People living in Atomic City are on day four without running water, after the city's second well broke last week.
The company that put in the wells said they are no longer under warranty, but council members argued it was a bad installation job.
The wells are only a few years old. One was renovated and the other constructed in 2009 as part of updating the city's entire water system.
Council members said it was badly needed, but what started as something to be excited about has become a disaster.
Water cooler conversation was anything but pleasant for the 25 or so residents of Atomic City Monday evening.
"It's just a bad inconvenience," said resident of four years, Thomas Roy, who called himself the new kid on the block.
No running water means Roy has to haul giant jugs down the street at least once a day to get water from a Snake River Sanitation truck.
Pointing at a dry faucet, Roy said, "I mean, we have nothing. See what we're living out of: water jugs."
Roy said you don't realize how much you need water until you don't have it.
Monday was the fourth day Roy and his wife couldn't do laundry or water their lawn. They said they have to pour water in the toilet to even use the restroom.
"It's affecting 26 families, families with kids," said Roy. "I mean, luckily my kids are just animals."

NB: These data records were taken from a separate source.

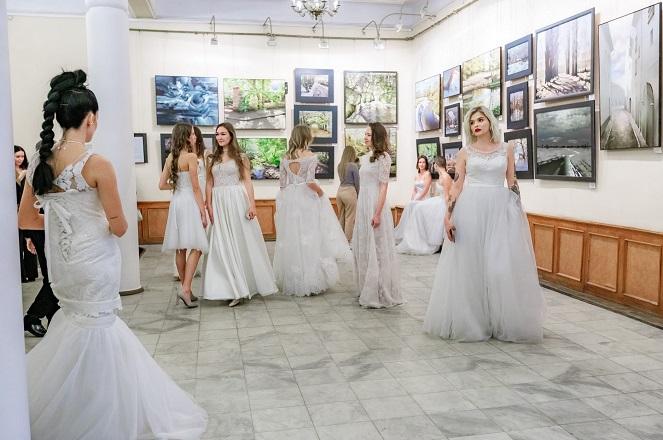 , на импровизированном подиуме дефилировали девушки в белых платьях.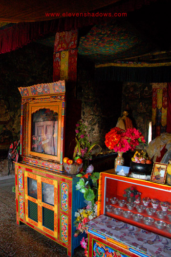 with offerings and yak butter lamps inside the Shey Palace just outside Leh
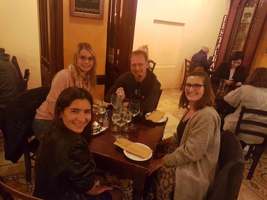 Seebi hatte noch was auf seiner Männer-Todo-Liste abzuarbeiten. 007 hat ihn persönlich gebeten, ihn endlich im Kino zu besuchen. Genau. Zum Glück gab es noch zwei weitere Männer auf diesem Planeten, die den Film noch nicht gesehen hatten. Könnten wir den Blog mit Geräuschen unterstreichen, würde es jetzt an dieser Stelle mit einem mitleidigen «oooohhh» ertönen. Und so schauten sie sich den Film gemeinsam an. Ela genoss den Abend zu Hause, es machte ihr dann «öppe» gar nichts aus, darauf zu verzichten. Nach der Verschnaufpause am Donnerstag steckte, vor allem Ela, wieder voller Ausgangsdrang. Jetzt war Seebi an der Reihe, die Wohnung zu bewachen. Mit drei anderen Schülern der EC besuchten sie das von den Lehrern angepriesene Restaurant «Ta‘ Kris». Ein Lokal, welches auf einheimische Gerichte setzt. Und wir mussten sagen, es hält was es verspricht und ist keine typische Touri-Falle.

City council members said the trouble started when Atomic City got about a $1 million in loans from the Department of Environmental Quality and Rural Development to update the entire water system.

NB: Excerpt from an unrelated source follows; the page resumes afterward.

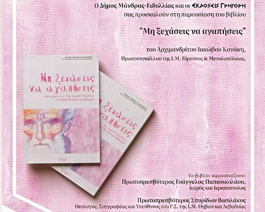Την Κυριακή 14 Μαΐου, στις 12 το μεσημέρι, στο Δημοτικό Θέατρο Μάνδρας «Μ. Μερκούρη», θα πραγματοποιηθεί η εκδήλωση παρουσίασης του βιβλίου με τίτλο «Μην ξεχάσεις να αγαπήσεις» του Αρχιμανδρίτου Ιάκωβου Κανάκη, Πρωτοσύγκελου της Ιεράς Μονής Γόρτυνος & Μεγαλοπόλεως.

"It's been a total nightmare," said council member Dave Sonnenberg.
Sonnenberg said the first well broke three weeks ago, and then on Thursday, the second stopped working, too.
Sonnenberg said council members called Idaho Falls-based Pump Tech, which did the installation. He said when the company didn't do anything, the council found another contractor who said the wires weren't put in properly.
"From what we understand, they ultimately shorted out and burnt out the pump at the bottom," said Sonnenberg.
Sonnenberg isn't sure where the city goes from here. Neither is Roy. But they know they need water, and need it soon.
Sonnenberg said the city has successfully sued two contractors who worked on other parts of the overall project. He hopes Pump Tech will go out to Atomic City to take a look and accept some responsibility.
Our station talked to Pump Tech owner Barry Cazier by phone on Monday. He said the wells are off-warranty, and said when the city called for help weeks ago, he couldn't get back in touch with them.